● WHAT THE TASK REQUIRES: Could you reproduce, word for word, everything below from the line containing "Step into your" down to the line containing "разбросаны хаотически по", with both of those lines included and no others?

● SUPPLIED DATA:
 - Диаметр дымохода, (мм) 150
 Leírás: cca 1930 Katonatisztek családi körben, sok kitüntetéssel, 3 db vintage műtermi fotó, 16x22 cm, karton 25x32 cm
---
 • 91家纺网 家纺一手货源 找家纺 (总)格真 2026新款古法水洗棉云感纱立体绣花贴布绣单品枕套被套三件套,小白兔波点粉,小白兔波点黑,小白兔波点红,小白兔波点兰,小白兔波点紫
...
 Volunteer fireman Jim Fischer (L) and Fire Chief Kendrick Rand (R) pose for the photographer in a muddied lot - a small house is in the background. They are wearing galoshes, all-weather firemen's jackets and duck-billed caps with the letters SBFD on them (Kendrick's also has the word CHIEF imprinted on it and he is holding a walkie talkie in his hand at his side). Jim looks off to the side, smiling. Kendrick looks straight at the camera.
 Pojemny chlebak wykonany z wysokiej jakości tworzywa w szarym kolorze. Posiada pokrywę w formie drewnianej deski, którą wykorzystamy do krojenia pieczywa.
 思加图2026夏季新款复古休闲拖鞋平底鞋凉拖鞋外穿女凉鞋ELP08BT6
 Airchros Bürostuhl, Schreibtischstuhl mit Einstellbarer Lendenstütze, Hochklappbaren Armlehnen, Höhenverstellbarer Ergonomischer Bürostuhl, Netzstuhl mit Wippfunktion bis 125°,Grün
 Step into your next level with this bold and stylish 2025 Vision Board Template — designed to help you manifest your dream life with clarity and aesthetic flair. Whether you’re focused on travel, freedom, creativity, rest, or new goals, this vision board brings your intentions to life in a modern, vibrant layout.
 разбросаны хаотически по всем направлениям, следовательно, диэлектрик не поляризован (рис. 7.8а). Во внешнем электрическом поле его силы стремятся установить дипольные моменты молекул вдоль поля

● ANSWER BELOW:
 Step into your next level with this bold and stylish 2025 Vision Board Template — designed to help you manifest your dream life with clarity and aesthetic flair. Whether you’re focused on travel, freedom, creativity, rest, or new goals, this vision board brings your intentions to life in a modern, vibrant layout.
 разбросаны хаотически по всем направлениям, следовательно, диэлектрик не поляризован (рис. 7.8а). Во внешнем электрическом поле его силы стремятся установить дипольные моменты молекул вдоль поля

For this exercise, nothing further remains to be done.